FAANG stocks: the 5 Big Tech Stocks
For many years, America's largest technology and new media companies were widely regarded as stocks with marked similarities. However, this perception has changed over time. Today, most technology stocks are “growth” companies.
In finance, "FAANG" is an acronym for the shares of five major American technology companies: Facebook (now Meta Platforms) (META), Amazon (AMZN), Apple (AAPL), Netflix (NFLX), et Google (GOOG) (now Alphabet). These stocks have become famous on Wall Street for their remarkable growth in recent years. Last June (06/2023), Apple passed the symbolic $3,000 billion mark in market value. This is the second time in history that the Apple stock has surpassed this valuation (it had already been passed during a trading session in January 2022, but very briefly).
Have big techs outperformed the S&P 500 over the past 10 years?
Over the past ten years, the FAANGs (Facebook, Amazon, Apple, Netflix, and Google) have significantly outperformed the S&P 500 (500 largest publicly traded US companies) in terms of returns. On average, these stocks generated annual returns of around 30%, while the S&P 500 posted an average annual return of around 13%.
What's more, an investor in the S&P 500 would have generated a return of 135.6%. So much so that investing in a FAANG portfolio (Facebook, Amazon, Apple, Netflix, and Google) would have generated a return on investment of over 776%. This illustrates just how fast these tech companies have grown over the past 10 years.
What are the effects of excluding the FAANGs on S&P 500 performance and volatility?

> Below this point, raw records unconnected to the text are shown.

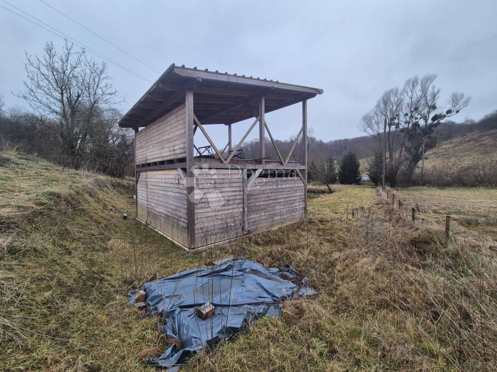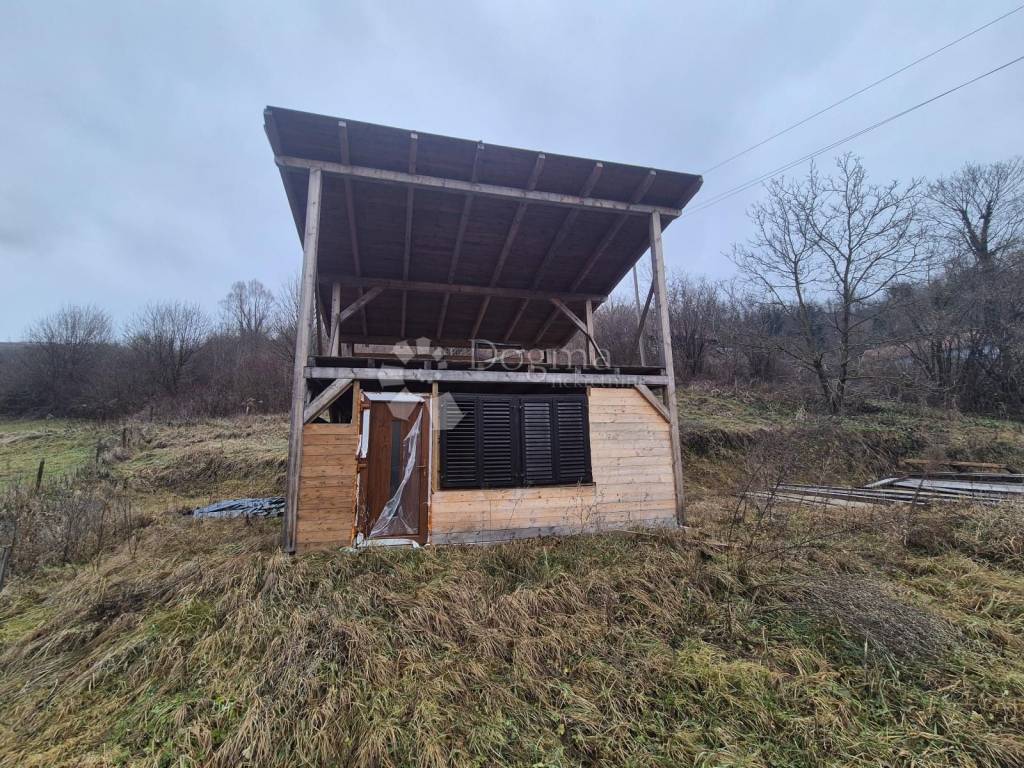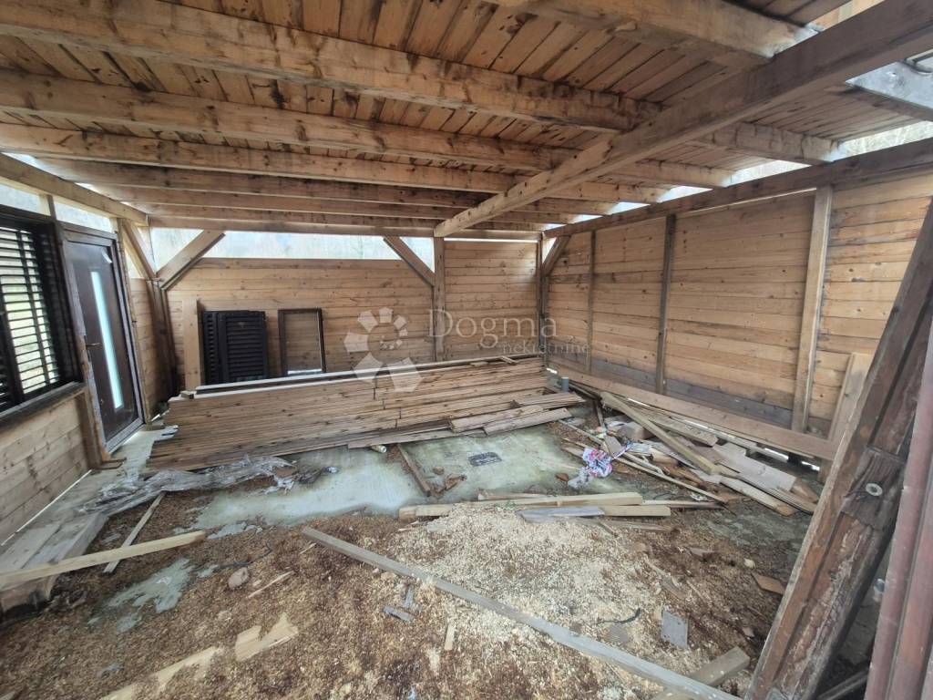 Cijena obuhvaća kućicu u fazi započete gradnje (uključujući i materijal za nastavak gradnje; pokrov za krov, drvena stolarija, grede i drvena obloga), te do kućice izrađenu temeljnu deku za sjenicu u veličini 7x4m.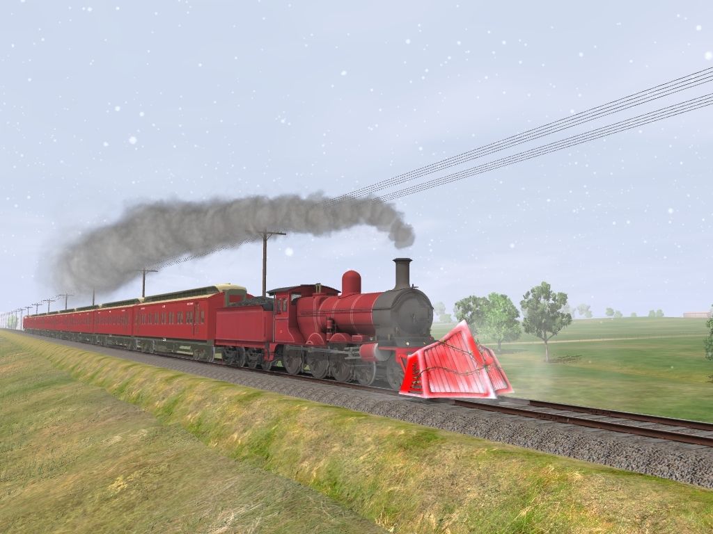 Tags: Trainz: A New Era, Healesville - 1913-1920, VR DD T2 WW1 Red C BG, Sodor Snowplough Red (ver.1) (Snow on), VR DD T2 WW1 Red C Ten BG, VR BW car T1 - 1924-1954 BG, VR CW van T1 - 1924-1954 BG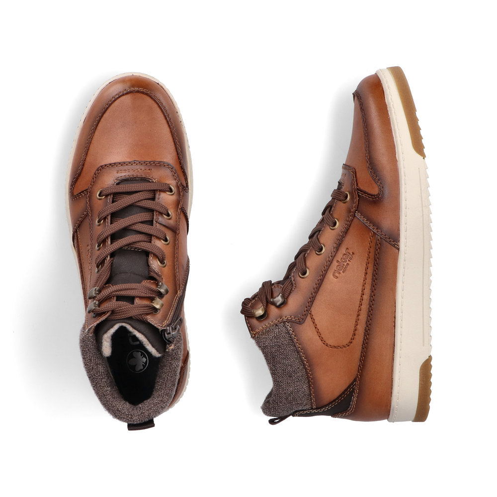 Rieker men's soft leather casual hi-top sneakers. These soft tan leather sneaker boots look great with jeans for a smart casual look.

Excluding all FAANGs, the annualized performance of the S&P 500 over the five-year period ending February 28, 2022, would have fallen from 15.17% to 6.98% per annum, a reduction of more than half. Notably, the S&P 500's 18.4% total return in 2020 would have been just 3.3% if Mega Cap stocks had been excluded. That said, Netflix (NFLX), Meta Platforms (FB) and Alphabet (GOOGL) would have contributed the least to overall index performance.
What's more, if we exclude these stocks, then the standard deviation of the index would have improved by 4 percentage points. In conclusion, US big techs have outperformed the S&P 500 over the past five years, but their volatility is higher than that of the index. However, for a long-term investor, the reduction in volatility is often less of a concern than the loss of return. This is because long-term investors tend to prefer stability and growth in their portfolios over an extended period.
Are FAANGs more resilient in times of crisis?
The FAANGs have shown great resilience during periods of market turbulence, more so than the S&P500 index. During the COVID-19 pandemic, for example, when many companies suffered massive losses, the FAANGs showed their robustness by maintaining growth and even stimulating certain sectors of the economy.
In short, continuous innovation, customer loyalty and their ability to adapt to changing market conditions are the main reasons why FAANGs have maintained their resilience during periods of economic turbulence, such as the COVID-19 pandemic. In this way, their ability to stay ahead of the technology curve has strengthened their dominant position.